Thursday, September 28, 2006

A craven Congress kowtows to the king

Well, the Military Commissions bill passed in the Senate, and our senators were among those voting to allow the president to do whatever he wants to whoever he wants, a privilege not granted to monarchs since 1215.

I quote from the New York Times editorial of September 28, "Rushing Off a Cliff":
These are some of the bill’s biggest flaws:

Enemy Combatants: A dangerously broad definition of “illegal enemy combatant” in the bill could subject legal residents of the United States, as well as foreign citizens living in their own countries, to summary arrest and indefinite detention with no hope of appeal. The president could give the power to apply this label to anyone he wanted.

The Geneva Conventions: The bill would repudiate a half-century of international precedent by allowing Mr. Bush to decide on his own what abusive interrogation methods he considered permissible. And his decision could stay secret — there’s no requirement that this list be published.

Habeas Corpus: Detainees in U.S. military prisons would lose the basic right to challenge their imprisonment. These cases do not clog the courts, nor coddle terrorists. They simply give wrongly imprisoned people a chance to prove their innocence.

Judicial Review: The courts would have no power to review any aspect of this new system, except verdicts by military tribunals. The bill would limit appeals and bar legal actions based on the Geneva Conventions, directly or indirectly. All Mr. Bush would have to do to lock anyone up forever is to declare him an illegal combatant and not have a trial.

Coerced Evidence: Coerced evidence would be permissible if a judge considered it reliable — already a contradiction in terms — and relevant. Coercion is defined in a way that exempts anything done before the passage of the 2005 Detainee Treatment Act, and anything else Mr. Bush chooses.

Secret Evidence: American standards of justice prohibit evidence and testimony that is kept secret from the defendant, whether the accused is a corporate executive or a mass murderer. But the bill as redrafted by Mr. Cheney seems to weaken protections against such evidence.

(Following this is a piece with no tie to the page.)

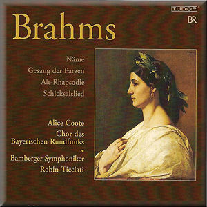 Rhapsody. Ticciati conducts it with maturity and is successful at laying out the stark winter landscape portrayed in the opening pages. Alice Coote sings very well; her vocal production is unforced and her warm, expressive tone gives much pleasure. Throughout the piece her voice is in good focus and I especially admired her poise at the telling phrase “Die Öde verschlingt ihn”. Ticciati accompanies his soloist considerately and his orchestra realises the textures of the music very well. Miss Coote is successful in putting across the introspective side of the piece and then, when the famous heart-easing melody appears - “Ist auf deinem Psalter” – her delivery of it is lovely, with the male voices of the choir in good support.
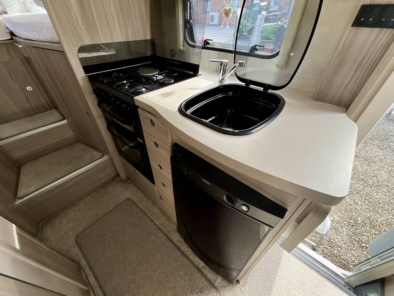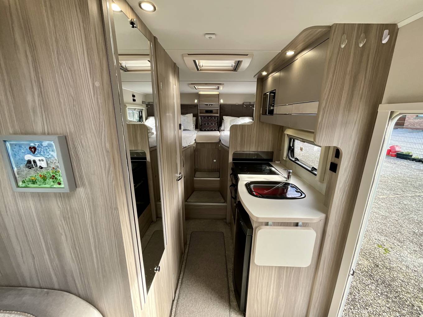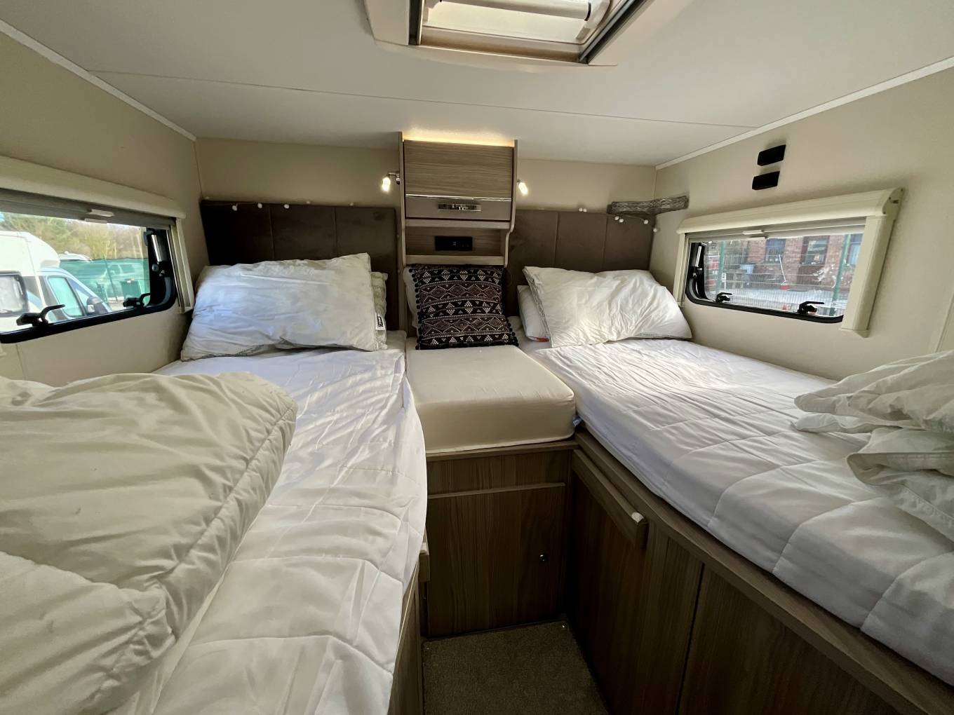 To the rear, the fixed bed can be used as singles or made up as a large double, and sits above a spacious garage, perfect for storing anything you might need on your travels.

Offenses: The definition of torture is unacceptably narrow, a virtual reprise of the deeply cynical memos the administration produced after 9/11. Rape and sexual assault are defined in a retrograde way that covers only forced or coerced activity, and not other forms of nonconsensual sex. The bill would effectively eliminate the idea of rape as torture.
Apparently, the Republican Party line is that accusation = guilt, the end justifies the means, our intentions will pave the way to Heaven, and torture is a-okay.

From a September 26 letter to Congress signed by 609 legal scholars:
the bill's provisions rewrite American law to evade the fundamental principles of separation of powers, due process, habeas corpus, fair trials, and the rule of law, principles that, together, prohibit state-sanctioned violence. If there is any fixed point in the historical understandings of constitutional freedom that help to define us as a people, it is that no one may be picked up and locked up by the American state in secret or at an unknown location, or without opportunity to petition an independent court for inspection of the lawfulness of the lockup and of the treatment handed out by the state to the person locked up, under legal standards from time to time defined by Congress.
So, don't you feel all warm and fuzzy now?

1 comment:

CabinDweller said...

Have spent the morning trying to wrap my brain around this latest bit of idiocy.

Having vented in a blogular fashion, am resorting to another remedy:

Beer. Brats. Polka = a transplanted Midwesterner's solution to seeing our country pick up speed on the slope downward = Silver Gulch's Oktoberfest tonight.

i can't fix the situation, but i can fix my attitude, temporarily.